Dataset entries:
----
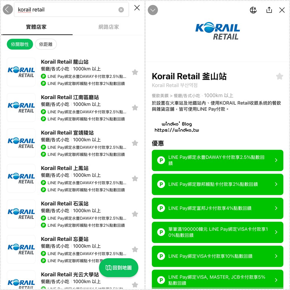 在 LINE PAY 裡頭的遊韓專區地圖區,輸入 KORAIL RETAIL,就能更進一步確認。
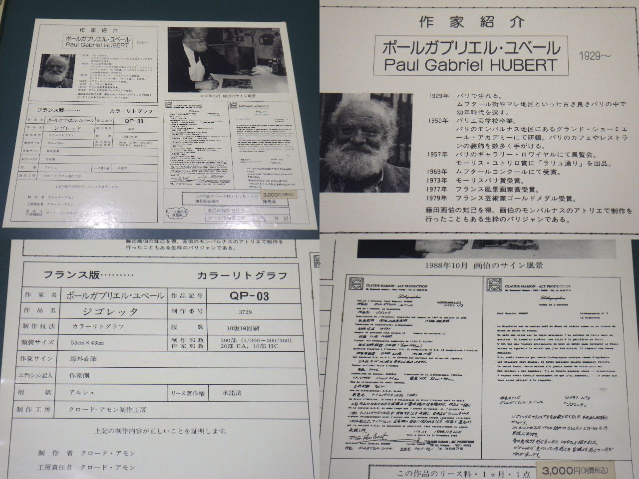 h4L082Z0.1 ポール・ガブリエル・ユベール 「ジゴレッタ」 250/300カラーリトグラフ 直筆サイン 額装 收藏
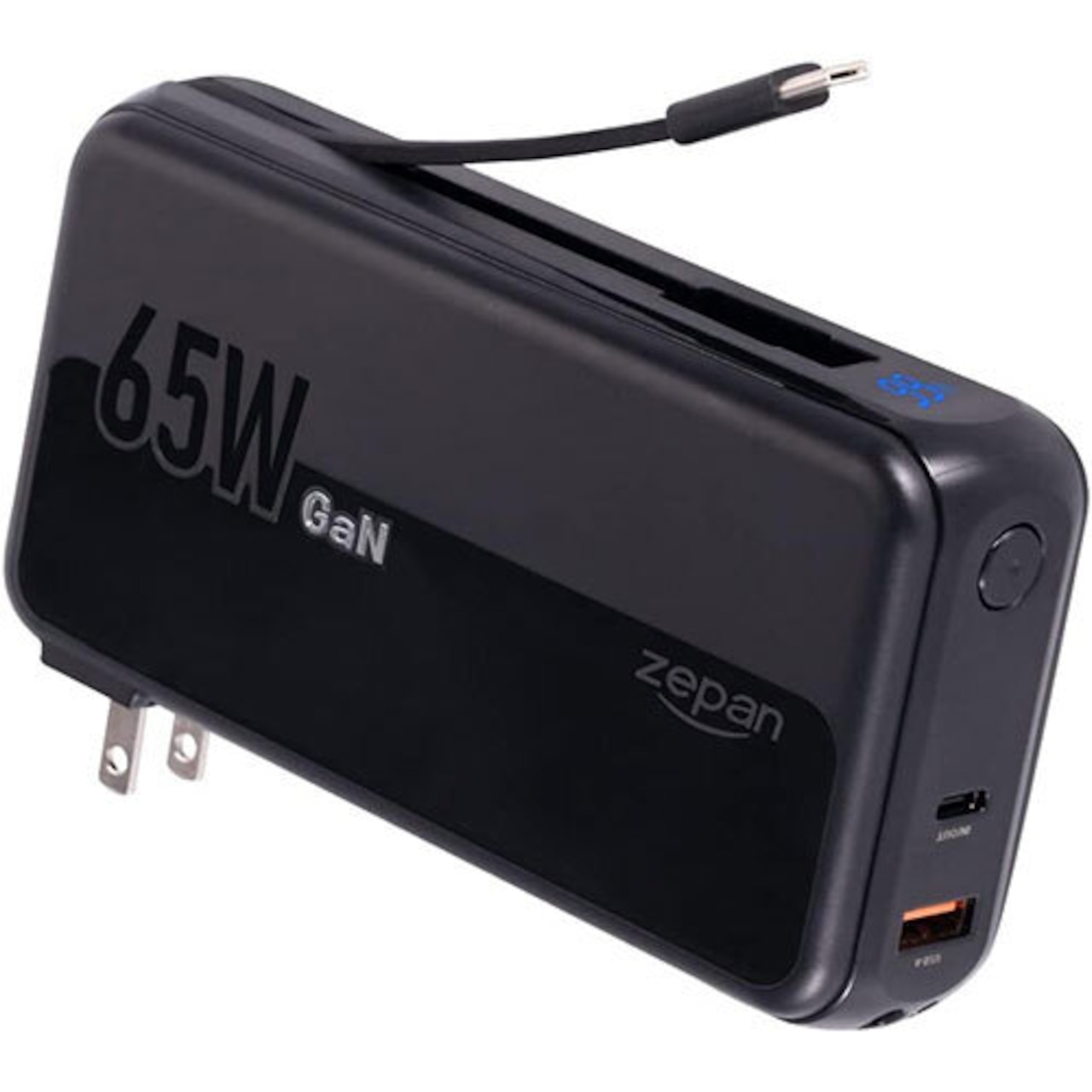 充電器&モバイルバッテリー2 in 1仕様! お家でも出先でも大活躍GaN(窒化ガリウム)技術採用! 65Wのハイパワーを実現大容量14400mAhバッテリー! リモートワークや緊急時の電源確保にも対応「zepan PD65」は、コンパクトで軽量にも関わらず、GaN(窒化ガリウム)技術を採用することで65Wの高出力を実現した画期的なモバイルバッテリーです。14400mAhの大容量で、スマホ、ノートPCからゲーム機、ドローンまで余裕で急速充電することができます。リモートワークや緊急時、移動の多い方にも、電源確保を心配している方には見逃すことのできない逸品です!・充電器・バッテリー・ケーブル、3つの機能がこれひとつに・GaN(窒化ガリウム)技術を採用で65Wの高出力を実現・14400mAhの大容量バッテリー・2ポート、格納可能プラグ、着脱可能なケーブル、最大2台同時充電可能・幅広い互換性、多数のデバイスに対応本体にはType-CとUSB-A 2ポートが搭載されており、充電器としてはもちろん、緊急時のモバイルバッテリーとしても頼もしい存在です。お家では充電器として使用。65Wの出力でノートパソコンを1.5時間でフル充電できるので、テレワークの心強い味方になってくれます。また、 外出先ではモバイルバッテリーとして大活躍。スマホの充電が切れそうなときや、突然の停電でも慌てる必要がありません。充電器モード:AC電源に接続して使用します。まず、デバイスへの給電が優先され、完了後は「PD65」内蔵バッテリーの充電に切り替わります。モバイルバッテリーモード:14400mAh大容量バッテリーから、各デバイスへの給電が行われます。電源の無い環境での充電に。
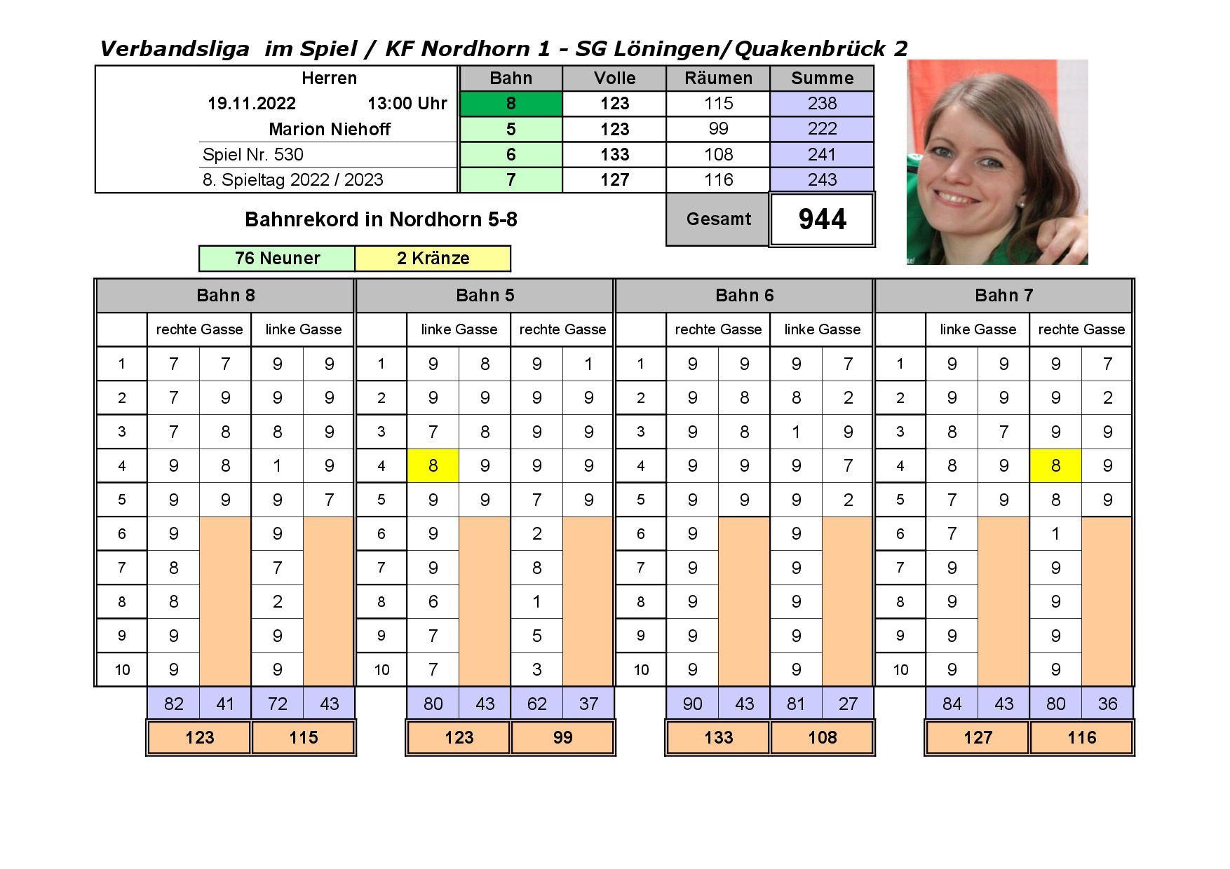 Deutscher U 24/U 18 Rekord mit Einzelnen Zahlen und Gassen
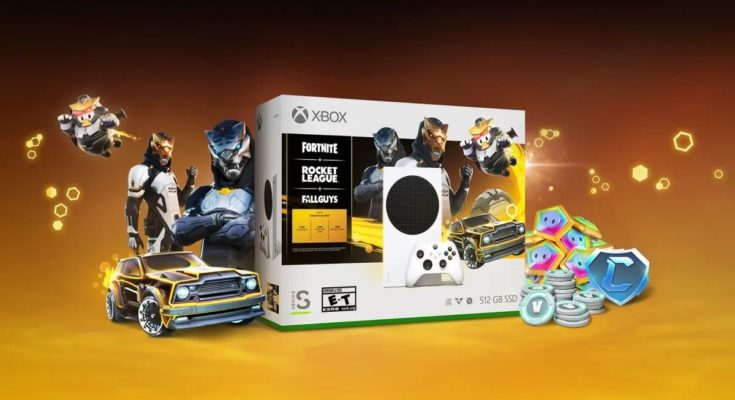 A Microsoft revelou hoje que venderá um “Gilded Hunter Bunde” nesta temporada de férias. O pacote inclui um Xbox Series S e um controlador de jogo, Fortnite com o pacote de itens cosméticos “Gilded Hunter Pack” e 1.000 V-Bucks, Rocket League com vários cosméticos e 1.000 créditos, e Fall Guys com o “Gilded Hunter Pack” e 1.000 Show-Bucks.
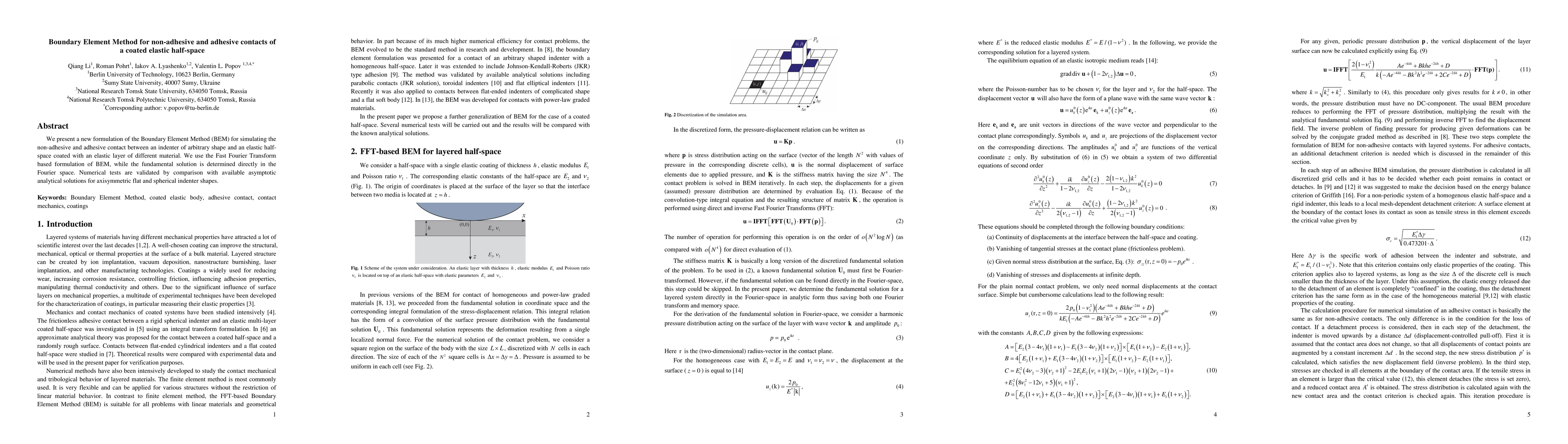 This paper introduces a new Boundary Element Method (BEM) formulation for simulating both non-adhesive and adhesive contacts between an indenter and an elastic half-space coated with a different elastic layer. The method employs Fast Fourier Transform for efficiency, and numerical tests are validated against analytical solutions.
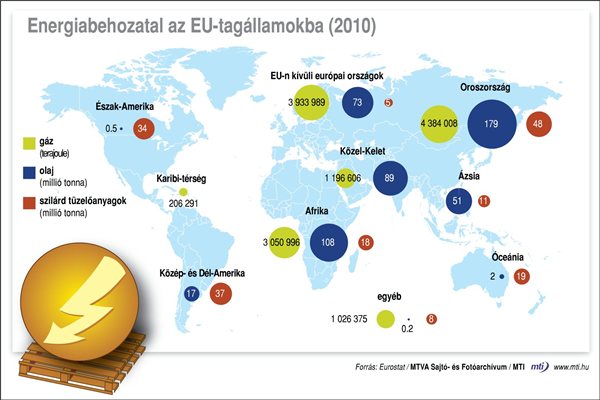 Energiabehozatal az EU-tagállamokba 2012-06-21 energiaoldal Hírek, Korszerűsítés, felújítás Energiabehozatal az EU-tagállamokba (2010) forrás: MTI FacebookTweetPin EnergiabehozataleuEurópai Unióimport
----
WHAT YOU NEED TO DO => From the first line of the entries down to the line with "h4L082Z0.1 ポール・ガブリエル・ユベール 「ジゴレッタ」", print each line exactly; omit any picture.

YOUR SOLUTION =>
 在 LINE PAY 裡頭的遊韓專區地圖區,輸入 KORAIL RETAIL,就能更進一步確認。
 h4L082Z0.1 ポール・ガブリエル・ユベール 「ジゴレッタ」 250/300カラーリトグラフ 直筆サイン 額装 收藏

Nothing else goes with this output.